John immediately turned to babbling, obviously not wanting to offend the lady.

"Oh no no, she's just an invention, this character… Rose, I call her. Rose."

An invention. A character.

He stared thoughtfully at the page, trying to remember this girl who he seemed to know ever so vaguely.

When concentrating, he could remember her obnoxiously blonde locks, her darkened mascara'd eyes (whatever that was), the way she laughed with him, grabbed his hand and hugged him. How her smile was so bright and how she'd slip her tongue between her teeth at moments of teasing and concentration. He imagined her considerably more vividly than the several other girls who had come up in his dreams, somehow her face just seemed to stay with him, in his mind.

His dreams told him that she was from London, with a very rude and cruel mum. At this point, his mind worked through fabrications of odd things like big green ugly creatures with zippers on their heads and gas masked zombies. But somehow… she was always there. Always beside him.

He wondered what kind of person would trust him so immensely while facing such horrors. He wasn't a god or a miracle worker and he was even more sure of that when he was dreaming. In fact, he felt much less like god in his dreams, the last of his kind, or something of the sort. He felt a great burden when he was "the Doctor", something that only seemed to go away when this Rose person was near.

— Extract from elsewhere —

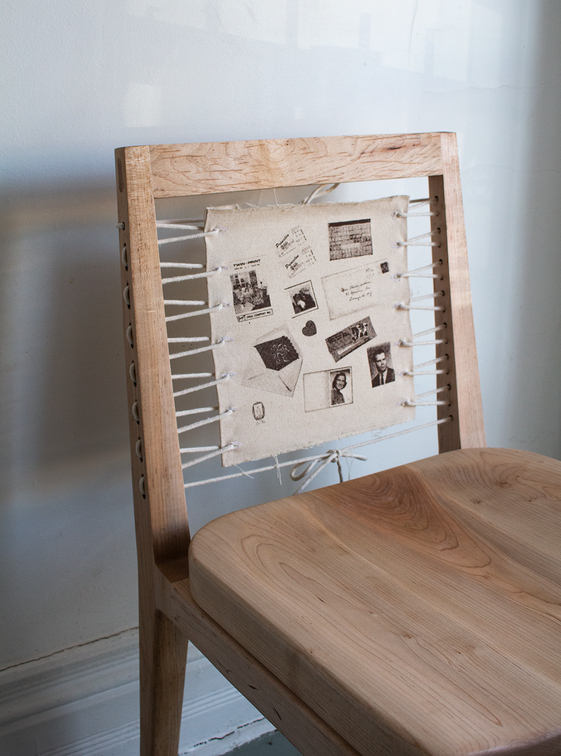Memorial chair is one of the first attempts I've made at combining my design practice with my craft and woodworking practice. I wanted to force myself to link the work I've made addressing family and paper ephemera and grief to something like making a piece of hardwood furniture. I'm interested in exploring the through line of labor that connects fine woodworking with the lengthy processes of scanning and digitizing ephemera and with the extensive caretaking that a family member often needs. The functional objects that we live alongside or the ones that my grandparents lived alongside store endless memories and immense sentimental value. In my work, I am honoring these objects, and I am honoring both the memories that I share with my family and the memories that preceded my own. I made a chair, simple enough in its form that it could be tucked under any kitchen table. The screenprint on the canvas depicts multiple scanned objects like ticket stubs and envelopes, objects my grandmother had kept from her time in high school and college.

He blinked back down at the page.

He did seem to lose her often, though.

To metal beings and such. Particularly the metal types. One with a bronze body and a blue eye and the other with a silver metal body, standing as tall as a human, or even taller.

He lost her several times, he recalled, sometimes even by his own hands, once locking her into his blue box and sending her away.

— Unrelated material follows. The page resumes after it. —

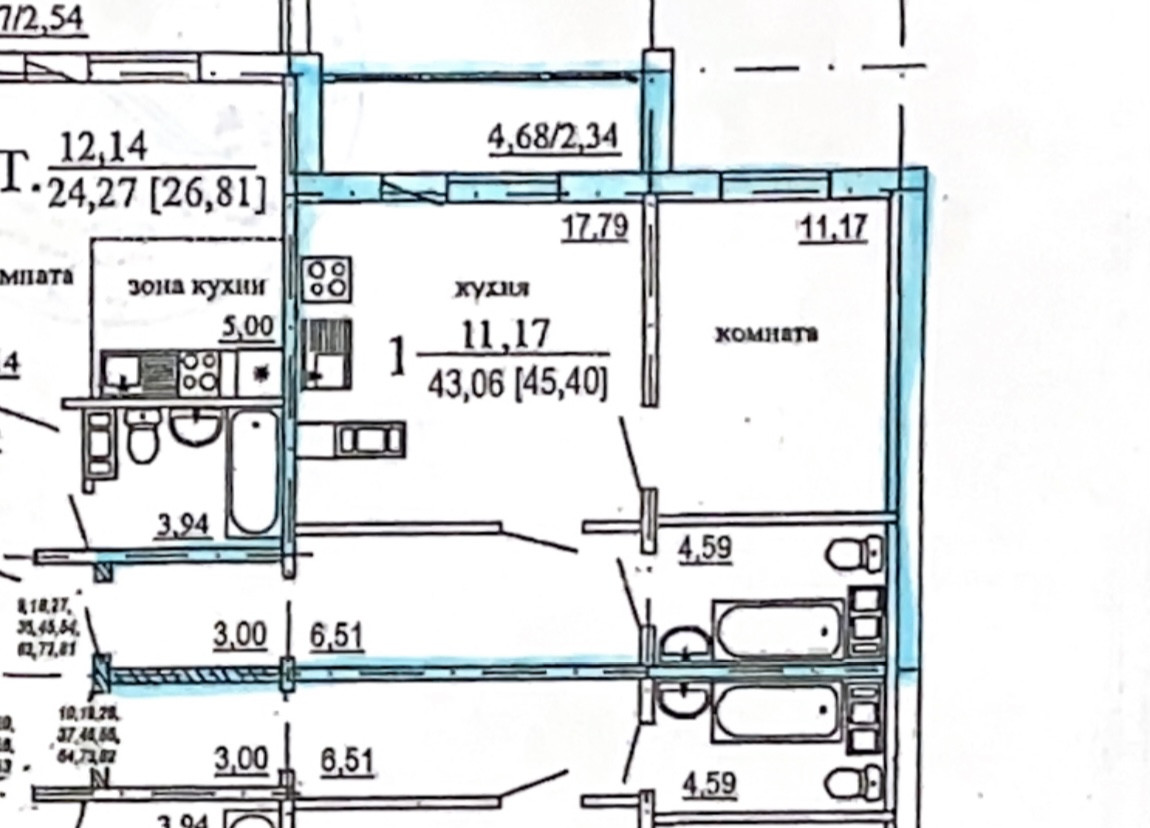 + гостинная 17,79 с зоной кухни 11,7, спальня 11,7

He'd had a different face then, a rather less handsomer one, if he did say so himself. Big nose, big ears, thinly cropped hair and all that.

Then she came back, all shining and bright, her eyes glowing with power infinite. Beauty herself was no match for how the Rose girl had looked at that moment, powerful and godlike.

Then he'd done it in this body too, sending her to a different dimension.

She came back again, he remembered, and he wondered vaguely how stubborn she was, or how much she cared about him to keep coming back at the worst times. But this one, this time, a man rushed in at the last moment and swept her away for good.

Then his imagination brought it all down to a beach. A very… empty beach. Just him and her. The wind had been blowing hard, whipping her blonde locks all over her face, but he couldn't feel it. He hadn't been there. Some kind of… image, or another.

She couldn't touch him.

He remembered dreaming useless awkward attempts at conversations, like how she'd been doing without him. He remembered her telling him that she loved him and he remembered saying something stupid in return.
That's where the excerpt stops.